Purpose and Use for the Kaggle Community:
This dataset is a valuable resource for data scientists, economists, and analysts interested in understanding macroeconomic trends, performing time series analysis, or building predictive models. With the rate of change included, users can quickly assess the growth or contraction in these indicators month-over-month. This dataset can be used for:
****Column Descriptions****
Year: The year of the observation.
Month: The month of the observation (1-12).
Industrial Production: Monthly data on the total output of US factories, mines, and utilities.
Manufacturers' New Orders: Durable Goods: Measures the value of new orders placed with manufacturers for durable goods, indicating future production activity.
Consumer Price Index (CPIAUCSL): A measure of the average change over time in the prices paid by urban consumers for a market basket of consumer goods and services.
Unemployment Rate: The percentage of the total labor force that is unemployed but actively seeking employment.
Retail Sales: The total receipts of retail stores, indicating consumer spending and economic activity.
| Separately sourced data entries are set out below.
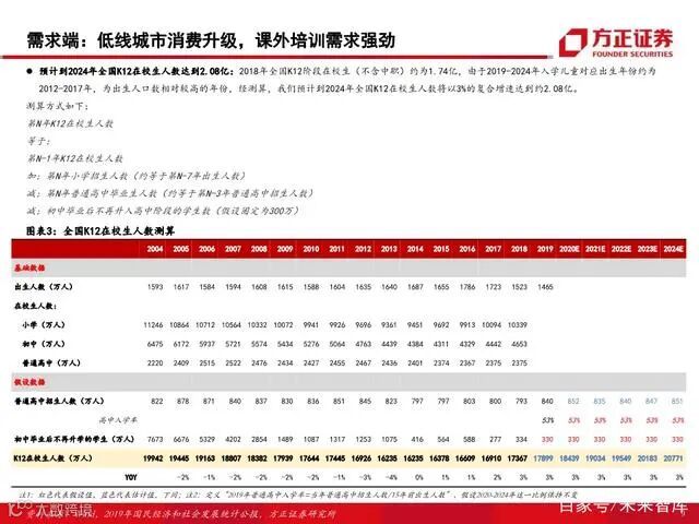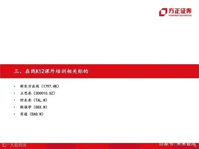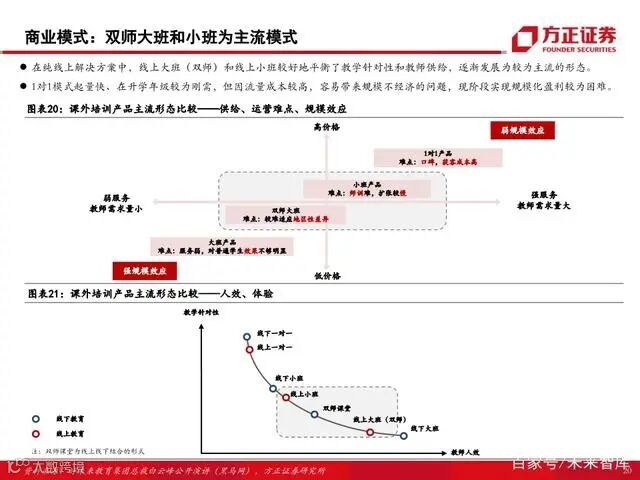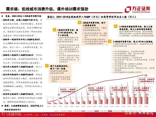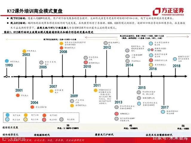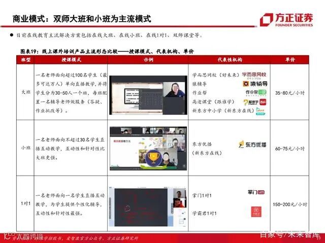 从时间周期看,K12课外培训行业大约每五年诞生一个主流商业模式。通过复盘K12课外培训的商业模式演变历程,我们发现以全国人均GDP破万元的2003年为起点,线下培训经历“大班-1对1-小班”的形态演变历程,而在线教育经过早期录播、O2O、工具等探索,在通信技术和媒体演进的双重推动下,形成以直播为载体的“双师大班+互动小班+1对1”的格局。
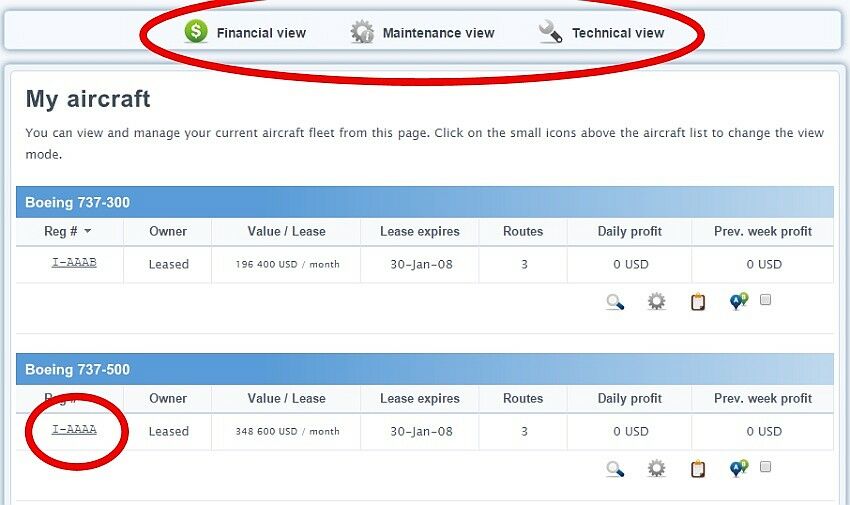 The information on your aircraft fleet can be seen on many different pages but the best overview is the My Aircraft page (navigation: Aircraft -> My Aircraft). This page displays the vital statistics of all your planes, and you can click on each aircraft for more information.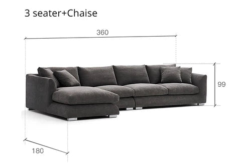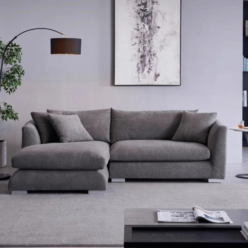 Luxe Cloud Sectional L-Shaped Sofa – Plush Grey Fabric with Left Chaise & Deep Seating Comfort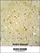 VWA3B antibody (C-term) (Cat. APR03435G) immunohistochemistry analysis in formalin fixed and paraffin embedded human brain tissue followed by peroxidase conjugation of the secondary antibody and DAB staining. This data demonstrates the use of the VWA3B antibody (C-term) for immunohistochemistry. Clinical relevance has not been evaluated.

Producer Price Index: Measures the average change over time in the selling prices received by domestic producers for their output.
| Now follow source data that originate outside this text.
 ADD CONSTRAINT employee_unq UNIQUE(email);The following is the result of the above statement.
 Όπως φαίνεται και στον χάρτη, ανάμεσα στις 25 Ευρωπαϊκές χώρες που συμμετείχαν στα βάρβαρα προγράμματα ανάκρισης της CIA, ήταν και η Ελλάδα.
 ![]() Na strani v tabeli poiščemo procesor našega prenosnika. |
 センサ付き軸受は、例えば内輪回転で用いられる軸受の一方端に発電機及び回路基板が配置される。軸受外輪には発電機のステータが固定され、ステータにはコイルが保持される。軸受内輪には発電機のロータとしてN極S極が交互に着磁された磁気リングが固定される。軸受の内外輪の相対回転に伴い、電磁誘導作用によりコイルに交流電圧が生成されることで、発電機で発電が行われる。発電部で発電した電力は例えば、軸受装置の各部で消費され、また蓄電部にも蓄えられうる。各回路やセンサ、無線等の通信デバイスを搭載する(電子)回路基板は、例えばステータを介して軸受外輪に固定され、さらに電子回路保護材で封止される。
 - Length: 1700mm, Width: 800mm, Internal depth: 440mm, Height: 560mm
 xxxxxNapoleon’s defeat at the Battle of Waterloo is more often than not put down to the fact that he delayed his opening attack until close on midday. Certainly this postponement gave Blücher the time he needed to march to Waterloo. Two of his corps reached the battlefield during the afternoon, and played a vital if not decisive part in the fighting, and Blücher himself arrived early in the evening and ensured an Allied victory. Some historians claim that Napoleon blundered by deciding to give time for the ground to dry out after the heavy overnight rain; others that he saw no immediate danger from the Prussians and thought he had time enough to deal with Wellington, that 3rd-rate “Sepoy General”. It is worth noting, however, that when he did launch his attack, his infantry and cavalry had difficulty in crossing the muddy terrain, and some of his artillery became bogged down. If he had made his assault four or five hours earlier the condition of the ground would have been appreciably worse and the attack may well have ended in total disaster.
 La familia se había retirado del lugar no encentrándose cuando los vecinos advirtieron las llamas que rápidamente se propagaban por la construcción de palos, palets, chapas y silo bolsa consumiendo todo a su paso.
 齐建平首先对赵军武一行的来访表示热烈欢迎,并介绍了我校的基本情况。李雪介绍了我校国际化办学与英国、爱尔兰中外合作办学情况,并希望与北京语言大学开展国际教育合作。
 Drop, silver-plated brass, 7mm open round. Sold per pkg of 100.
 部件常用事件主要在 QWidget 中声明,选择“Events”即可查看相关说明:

Personal Consumption Expenditures (PCE): A measure of the prices paid by consumers for goods and services, used in calculating inflation.
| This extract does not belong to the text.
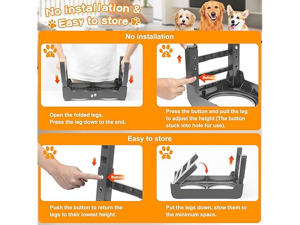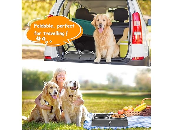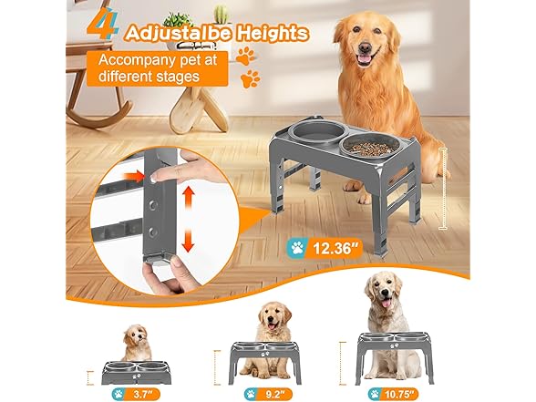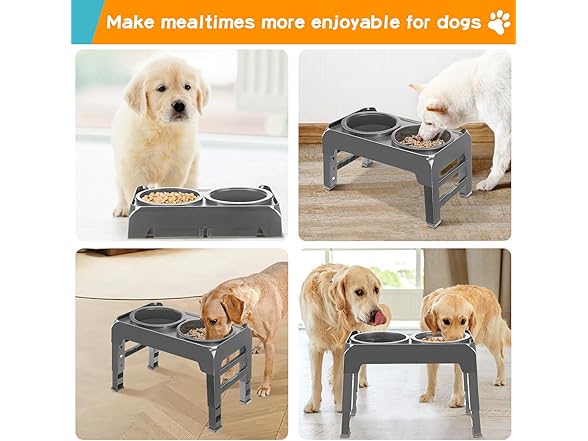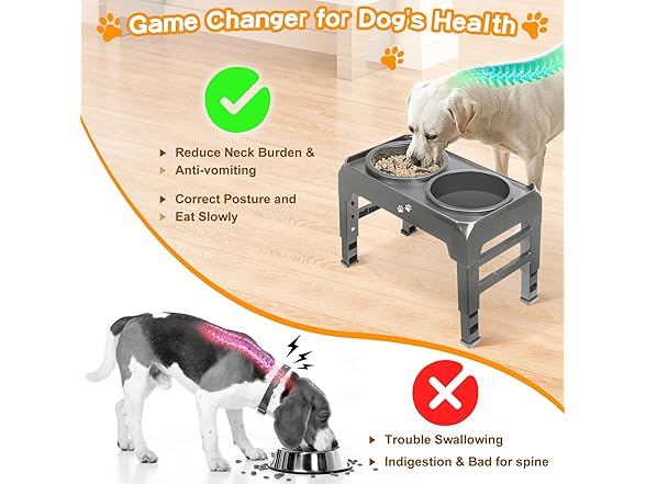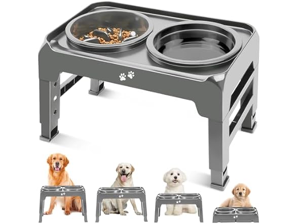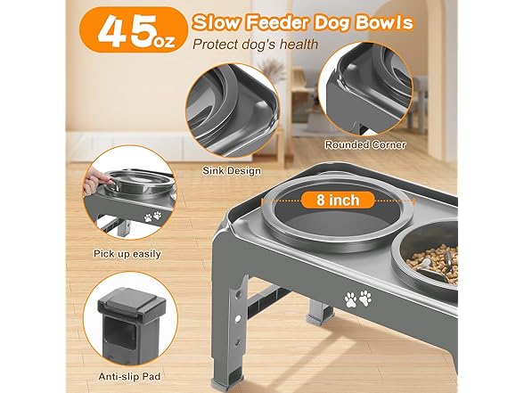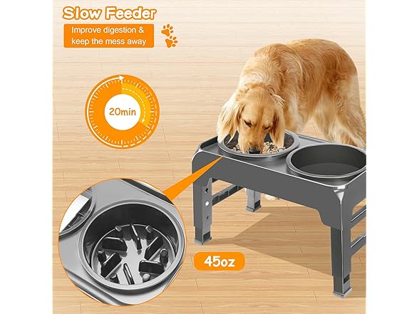 Elevated 2-in-1 Dog Feeder - Adjustable Raised Dog Bowl Stand with Non-Slip Slow Feeder & Water Bowl for Medium Large Dogs, Grey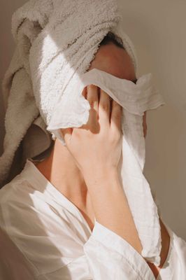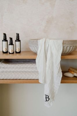Bathe: Immerse your Bestow Bathing Cloth in warm water, wring out any excess and press to your skin for five deep breaths. Repeat three times, then follow with skincare application.

National Home Price Index: A measure of changes in residential real estate prices across the country.
All Employees, Total Nonfarm: The number of nonfarm payroll employees, an important indicator of the labor market.
Labor Force Participation Rate: The percentage of the working-age population that is either employed or actively looking for work.
Federal Funds Effective Rate: The interest rate at which depository institutions lend reserve balances to other depository institutions overnight.
Building Permits: The number of building permits issued for residential and non-residential buildings, a leading indicator of construction activity.
Money Supply (M2): The total money supply, including cash, checking deposits, and easily convertible near money.
Personal Income: The total income received by individuals from all sources, including wages, investments, and government transfers.
Trade Balance: The difference between a country's imports and exports, indicating the net trade flow.
Consumer Sentiment: The index reflecting consumer sentiment and expectations for the future economic outlook.
Consumer Confidence: A measure of how optimistic or pessimistic consumers are regarding their expected financial situation and the economy.
Notes on Interest Rates Please note that for the Federal Funds Effective Rate (FEDFUNDS), the dataset includes the absolute change in basis points (bps), not the rate of change. This means that the dataset reflects the direct change in the interest rate rather than the percentage change month-over-month. The change is represented in basis points, where 1 basis point equals 0.01%.